Transcribe exactly everything in the data below from the line containing "ସର୍ବନିମ୍ନ ହାତରେ କଟାଯାଇଥିବା ଶାଗୁଆନ ଗଛ।" down to the line containing "କାହିଁକି ଗଛ କାଟିଲେ", both lines included and nothing further.

(Material to process):
------------------------------------------------------------

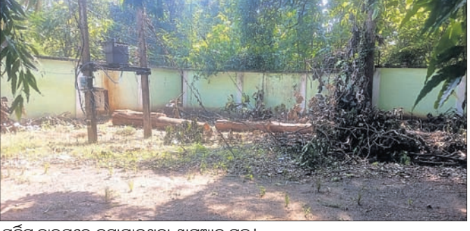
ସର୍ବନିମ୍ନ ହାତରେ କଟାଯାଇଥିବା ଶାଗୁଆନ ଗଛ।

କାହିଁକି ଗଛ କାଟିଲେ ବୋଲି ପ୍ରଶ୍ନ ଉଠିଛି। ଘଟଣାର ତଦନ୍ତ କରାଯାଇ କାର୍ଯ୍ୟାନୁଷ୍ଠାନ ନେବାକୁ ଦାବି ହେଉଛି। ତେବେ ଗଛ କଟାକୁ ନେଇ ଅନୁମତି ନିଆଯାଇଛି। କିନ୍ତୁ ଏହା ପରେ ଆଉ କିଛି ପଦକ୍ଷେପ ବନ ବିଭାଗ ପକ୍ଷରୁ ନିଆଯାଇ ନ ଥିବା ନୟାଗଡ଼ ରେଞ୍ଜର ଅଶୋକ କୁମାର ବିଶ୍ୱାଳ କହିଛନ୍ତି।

------------------------------------------------------------

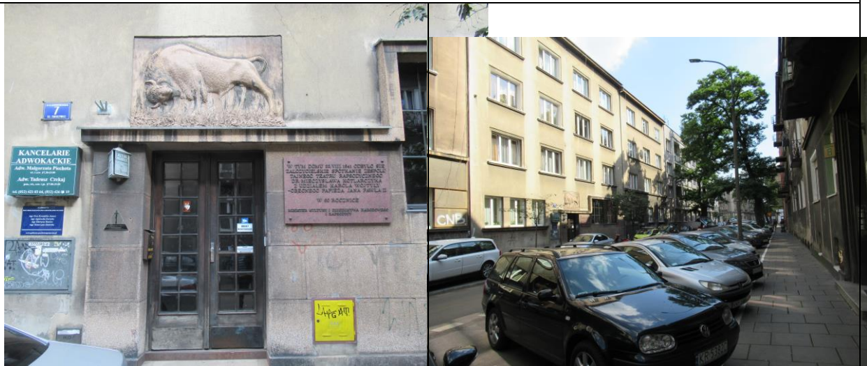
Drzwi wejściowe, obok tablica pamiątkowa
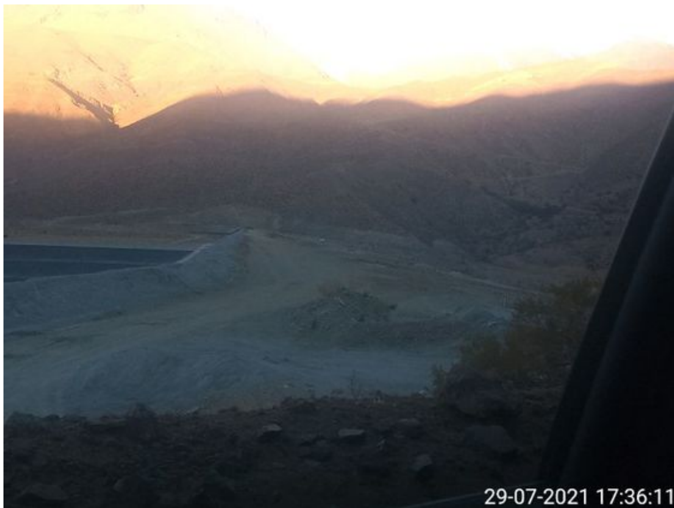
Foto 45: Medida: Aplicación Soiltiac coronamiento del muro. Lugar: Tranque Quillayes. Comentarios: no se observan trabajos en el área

------------------------------------------------------------

(Answer section):
ସର୍ବନିମ୍ନ ହାତରେ କଟାଯାଇଥିବା ଶାଗୁଆନ ଗଛ।

କାହିଁକି ଗଛ କାଟିଲେ ବୋଲି ପ୍ରଶ୍ନ ଉଠିଛି। ଘଟଣାର ତଦନ୍ତ କରାଯାଇ କାର୍ଯ୍ୟାନୁଷ୍ଠାନ ନେବାକୁ ଦାବି ହେଉଛି। ତେବେ ଗଛ କଟାକୁ ନେଇ ଅନୁମତି ନିଆଯାଇଛି। କିନ୍ତୁ ଏହା ପରେ ଆଉ କିଛି ପଦକ୍ଷେପ ବନ ବିଭାଗ ପକ୍ଷରୁ ନିଆଯାଇ ନ ଥିବା ନୟାଗଡ଼ ରେଞ୍ଜର ଅଶୋକ କୁମାର ବିଶ୍ୱାଳ କହିଛନ୍ତି।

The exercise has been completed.